In addition, when taken as an ordered combination, the ordered combination adds nothing that is not already present as when the elements are taken individually. There is no indication that the combination of elements integrate the abstract idea into a practical application. Their collective functions merely provide conventional computer implementation. Therefore, when viewed as a whole, these additional claim elements do not provide meaningful limitations to transform the abstract idea into a practical application of the abstract idea or that the ordered combination amounts to significantly more than the abstract idea itself. Further, the courts have found the presentation of data to be a well-understood, routine, conventional activity, OIP Techs., 788 F.3d at 1362-63, 115 USPQ2d at 1092-93 (see MPEP 2106.05(d)).
The dependent claims (2-7, 9-14, and 16-20) are directed to the same abstract idea as recited in the independent claims, and merely incorporate additional details that narrow the abstract idea via additional details of the abstract idea. For example claims 2-7 “obtaining, at the future time, contact center data of the contact center, wherein the contact center data comprises at least one of a number of agents currently working, engagement volume data, engagement length data, contact center user wait time data, or contact center agent availability data; and training, using online learning, the combination engine and the multiple modeling engines based on the obtained contact center data; wherein the output comprises a prompt to accept an overtime assignment that is transmitted to a device of at least one agent; wherein the output comprises a graphical indication of the future time, a graphical indication of the number of agents, and a graphical indication of a number of agents currently scheduled to work at the future time; receiving an input representing a service level target, wherein the number of agents is determined based on the service level target, wherein the service level target represents a proportion of contact center users who are connected to a contact center agent within a given time period after requesting connection to the contact center agent; wherein the multiple modeling engines comprise at least one of a weighted weekly moving average engine, a long short-term memory engine, or a time-series forecasting engine; determining a number of agents who were working at the future time and a service level of the contact center at the future time; and training the multiple modeling engines based on the number of agents who were working and the service level ”, without additional elements that integrate the abstract idea into a practical application and without additional elements that amount to significantly more to the claims. The remaining dependent claims (9-13 and 15-20) recite the CRM and system for performing the method of claims 2-7. Thus, the same rationale/analysis is applied. Thus, all dependent claims have been fully considered, however, these claims are similarly directed to the abstract idea itself, without integrating it into a practical application and with, at most, a general purpose computer that serves to tie the idea to a particular technological environment, which does not add significantly more to the claims.

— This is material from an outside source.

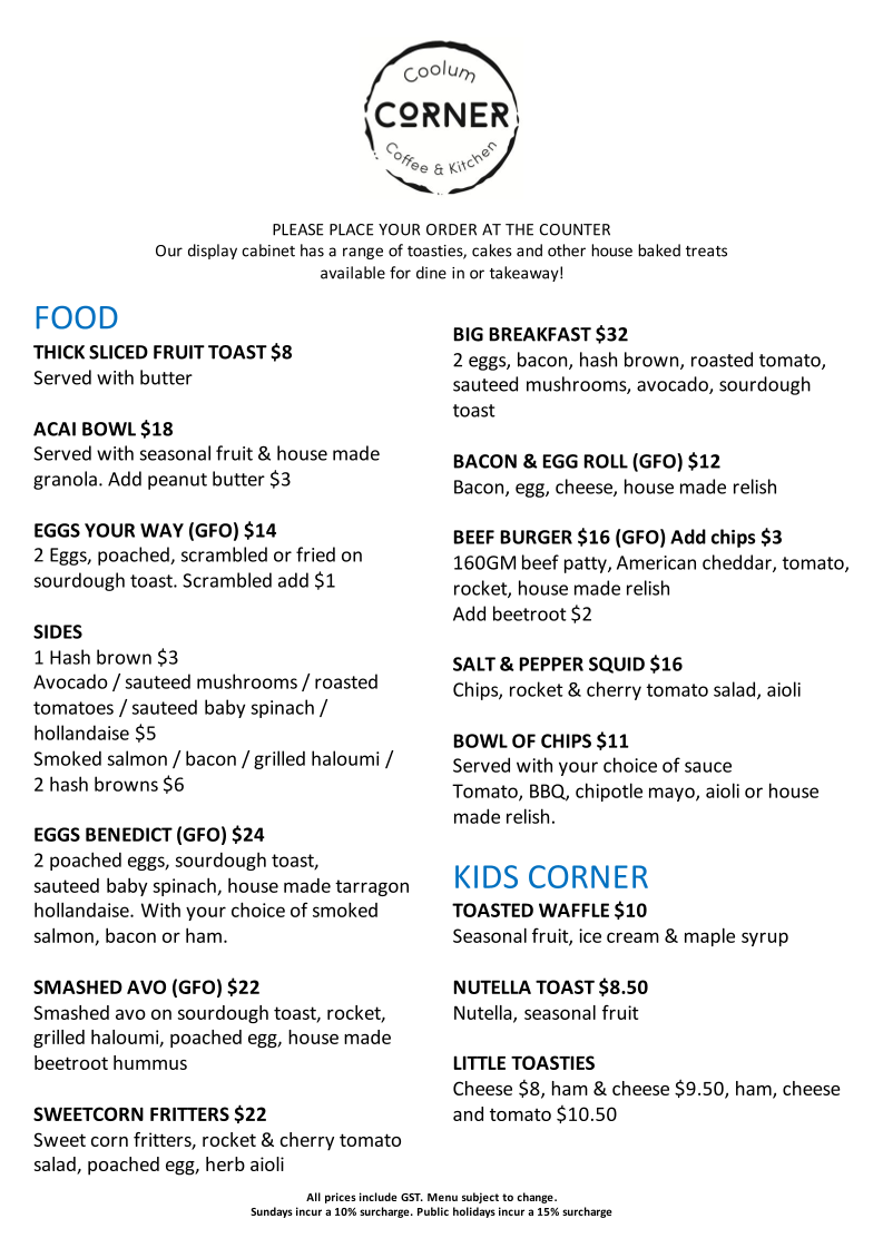 Welcome to Coolum Corner! Nestled in the heart of Coolum Beach, this charming café is a quintessential stop for beachgoers and locals alike. The menu boasts a delightful array of dishes that are both fresh and flavorful. Start your day with the Thick Sliced Fruit Toast for just A$8.00 or indulge in the vibrant Acai Bowl priced at A$18.00. For classic favorites, try the Eggs Your Way at A$14.00 or the hearty Big Breakfast for A$32.00, guaranteed to satisfy your hunger.

The ordered combination of elements in the dependent claims (including the limitations inherited from the parent claim(s)) add nothing that is not already present as when the elements are taken individually. There is no indication that the combination of elements improves the functioning of a computer or improves any other technology. Their collective functions merely provide conventional computer implementation. Accordingly, the subject matter encompassed by the dependent claims fails to amount to significantly more than the abstract idea itself.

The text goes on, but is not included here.